Proposal Details
Background
A heap is a kind of collection where each element has a value, and the values are ordered: each is either greater than, less than or equal to another. A binary min-heap is a complete binary tree of elements with the heap property: the value of each node is less than or equal to the values of its children. That implies that the smallest element is at the root, and therefore quickly available. Insertions, deletions and changes can be done in logarithmic time. Common uses for heaps are:
- Priority queues, which appear in schedulers, discrete event simulations, and graph algorithms like Dijkstra's algorithm.
- Heapsort: while slower than quicksort on average, this sorting algorithm guarantees optimal O(n*log(n)) performance.

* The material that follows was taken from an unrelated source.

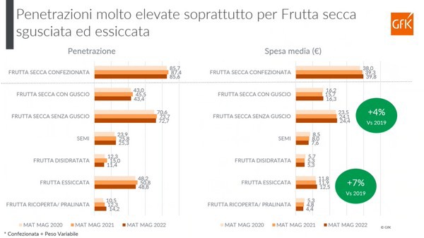 Pellizzoni ha sottolineato che in termini di trend, si segnala la penetrazione molto elevata soprattutto per frutta secca sgusciata ed essiccata. "Il prodotto senza guscio mostra una penetrazione del 73%, amplificata rispetto a due anni fa. Si tratta di un numero altissimo e vuol dire che 3 famiglie su 4 acquistano questo segmento". Trend positivo anche sulla frutta essiccata. "C'è una contrazione di penetrazione rispetto allo scorso anno, ma restiamo su livelli più alti rispetto a due anni fa".

Some sorting implementations, like the one in the standard library (based on pdqsort), fall back to heapsort when quicksort behaves poorly. Since heapsort delivers the sorted sequence in order, it can also be used to sort incrementally, in cases when the entire sorted sequence might not be needed.
- K-way merge: a heap holds the minimum element from each of k sorted lists.
- Top K: a heap can be used to efficiently find the largest (or smallest) K items in a sequence in space proportional to K.
The standard library has a binary min-heap implementation in container/heap. While it has served well for the past decade, it has several issues:
- It is not generic, so users must write type assertions when retrieving elements.
- The insertion function has an argument of type
any, so inserting some values requires an allocation.
- Users must supply their own storage and implement an interface with five methods. The storage is nearly always a slice, but the heap interface must be reimplemented each time, with nearly identical code.
- Users must pass a value of that interface to top-level functions that implement the heap. The names
Push and Pop appear in both the interface and as heap functions, with different meanings. The API is confusing enough so that even experienced Go developers have trouble understanding it.
Proposal
We propose a new standard package, container/heap/v2, with a type representing a binary min-heap. The data structure is the same as that of container/heap, but its API solves all of the above problems.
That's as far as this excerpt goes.